**WHAT IS REQUIRED**
Only the stretch below from the line holding "Ideal for sarees, dupattas, and" through the line holding "安心感がありました。職人の方も礼儀正しい方で、室内リフォームは" should be restated, word for word and with both ends included; pictures stay out.

**AVAILABLE DATA**

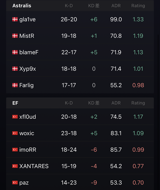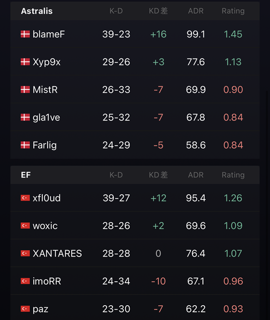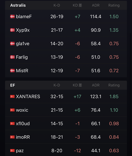 BLAST Premier 2022秋季复活赛 欧洲区,Astralis对阵EF,图一Dust2中A队开局处于落后的形势,凭借十足的韧劲和耐心的战术展开,成功翻盘,以16-14战胜EF先下一城。图二Overpass中,XANTARES多次完成关键突破和残局,1.85 rating的神级发挥帮助EF扳回一局。图三NUKE,先做防守方的Astralis稳扎稳打拿到11分,下半场凭借上半场积累起的手感不断扩大比分,EF也不甘示弱,顽强的将比赛拖入加时,最终A队更胜一筹,2-1战胜EF。
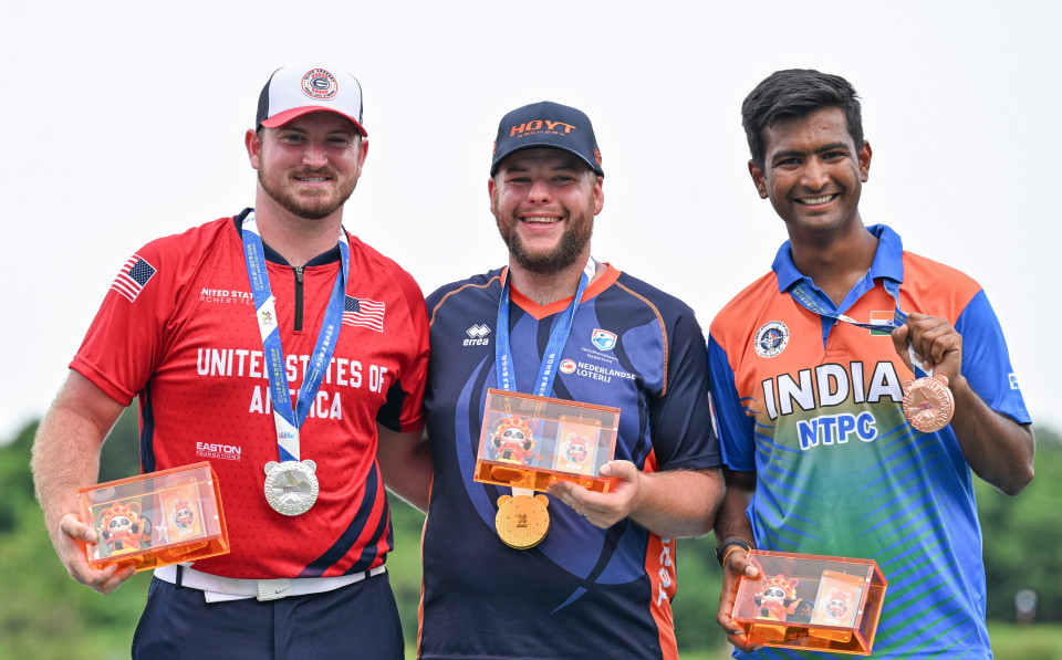 当日,在2025年成都世运会射准射箭男子复合弓决赛中,荷兰选手施洛瑟获得冠军,美国选手布罗德纳克斯、印度选手亚达夫分别获得亚军、季军。
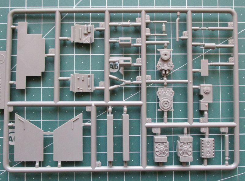 Das Laufwerk und die Ketten befinden sich auf zwei Ästen, der Motor auf einem Ast. Auf die Gummiketten der ersten Auflage wurde zugunsten von Segmenten und Einzelgliedern aus Kunststoff verzichtet. Man kann die ganze hintere Abdeckung am fertigen Modell abnehmen, um den verbauten Motor zu zeigen.
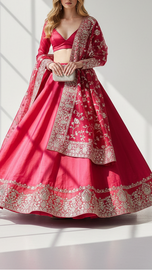 Ideal for sarees, dupattas, and statement panels where a strong border and subtle sheen are key to creating an elegant, eye-catching look.
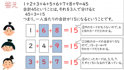 きんたろうは,2+4+□=15なので,9が入り,
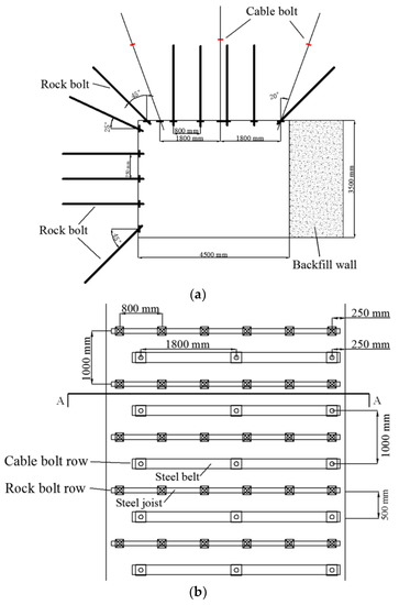 - Wang, H.; Zhang, D.; Fan, G. Structural effect of a soft–hard backfill wall in a gob-side roadway. Sci. Technol. 2011, 21, 313–318. [Google Scholar] [CrossRef]
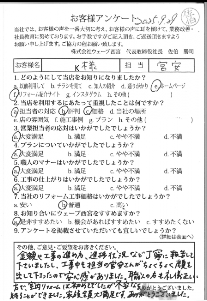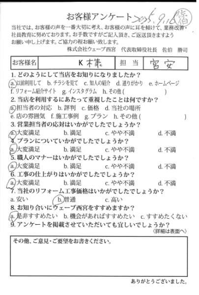 安心感がありました。職人の方も礼儀正しい方で、室内リフォームは
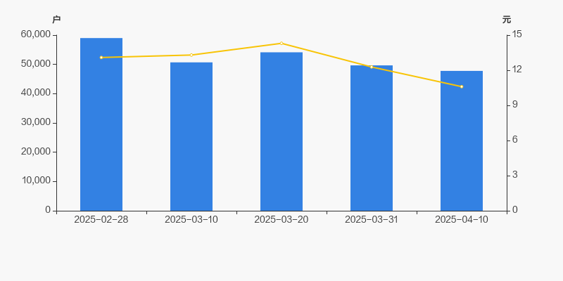 截至2025年4月10日,公司最新总股本为4.65亿股,其中流通股本为3.7亿股。户均持有流通股数量由上期的7460股上升至7754股,户均流通市值8.22万元。
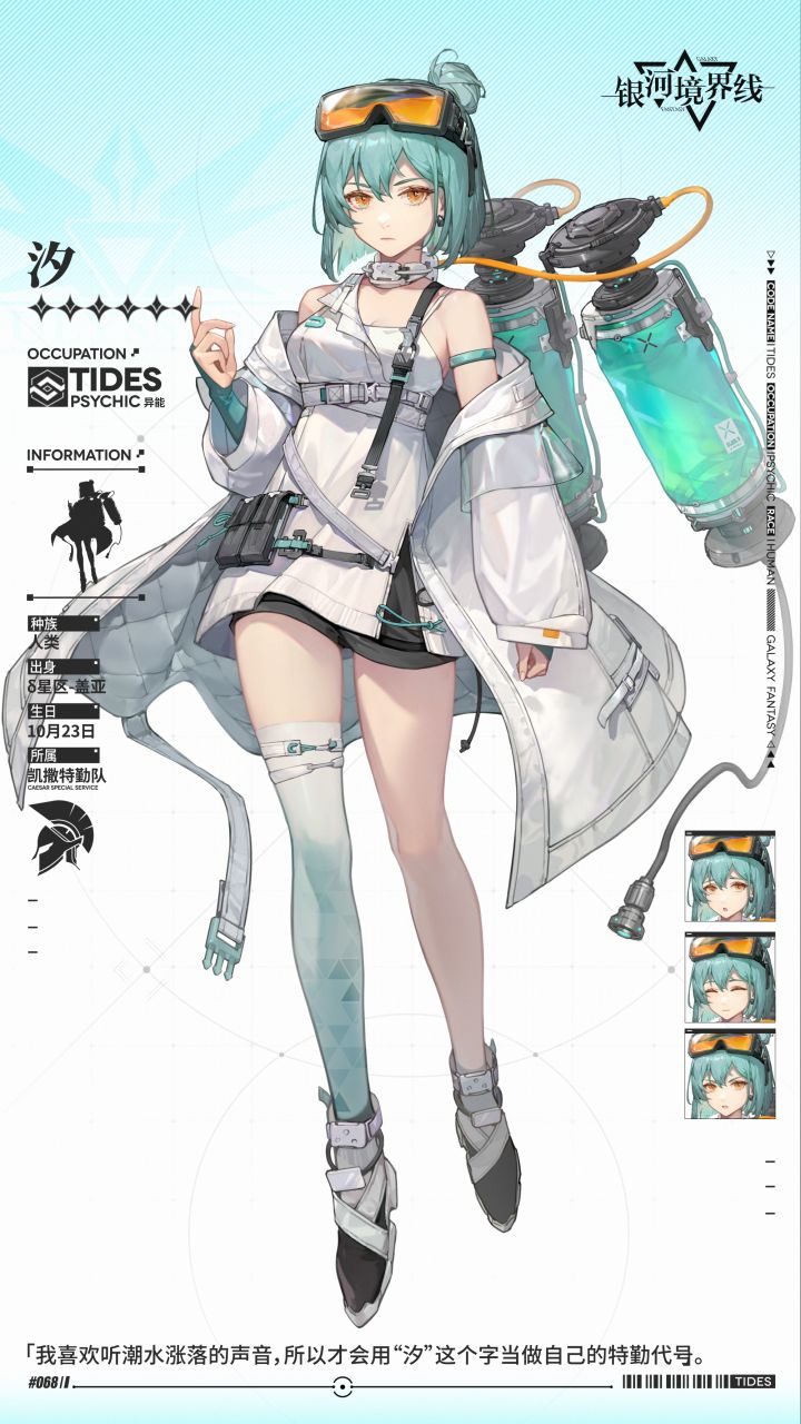 代号:汐种族:人类所属:凯撒特勤队“我喜欢听潮水涨落的声音,所以才会用‘汐’这个字当做自己的特勤代号。”——————汐,早年因出色的异能天赋而进入异能特工的培训机构接受训练。异构虫战争爆发后,被编入异能者部队「青鸟特战队」,被派往前线进行特种作战,后凭借战功而获得提拔,被调入了特勤队。但因为泄露情报部机密,让恐怖组织「荆棘」的内线成功逃跑,由此遭到拘禁。但之后在追踪「荆棘」的行动中,她戴
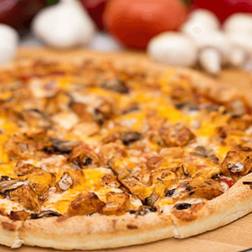 Pizza sauce base, BBQ chicken, mushrooms, red onions, mozzarella & cheddar cheese
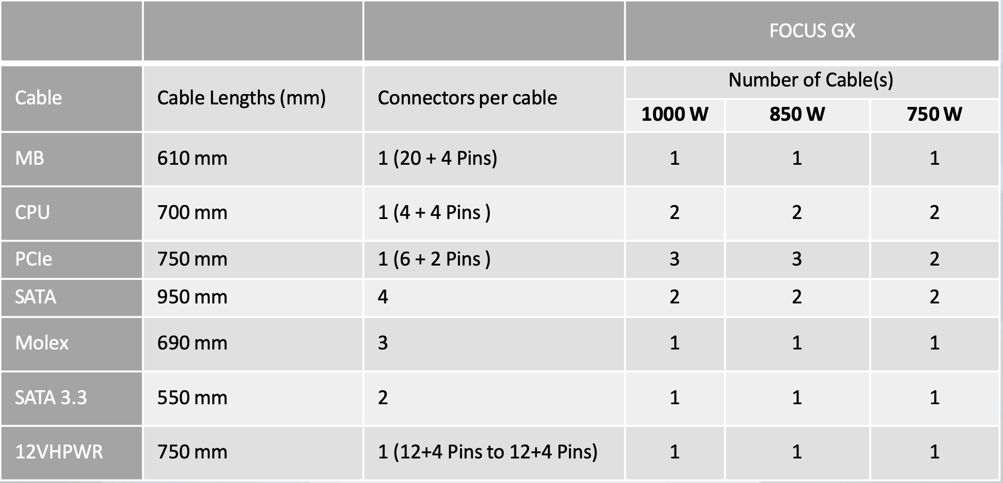 The cables supplied in the box are all individual sleeved and look fantastic. Ideal for a custom build where they are on show. Seasonic even show how they advise the 12VHPWR CABLE to be installed. The 1000 Watt supply has plenty of cables for a high end system build.

**SOLUTION TO THIS TASK**
 Ideal for sarees, dupattas, and statement panels where a strong border and subtle sheen are key to creating an elegant, eye-catching look.
 きんたろうは,2+4+□=15なので,9が入り,
 - Wang, H.; Zhang, D.; Fan, G. Structural effect of a soft–hard backfill wall in a gob-side roadway. Sci. Technol. 2011, 21, 313–318. [Google Scholar] [CrossRef]
 安心感がありました。職人の方も礼儀正しい方で、室内リフォームは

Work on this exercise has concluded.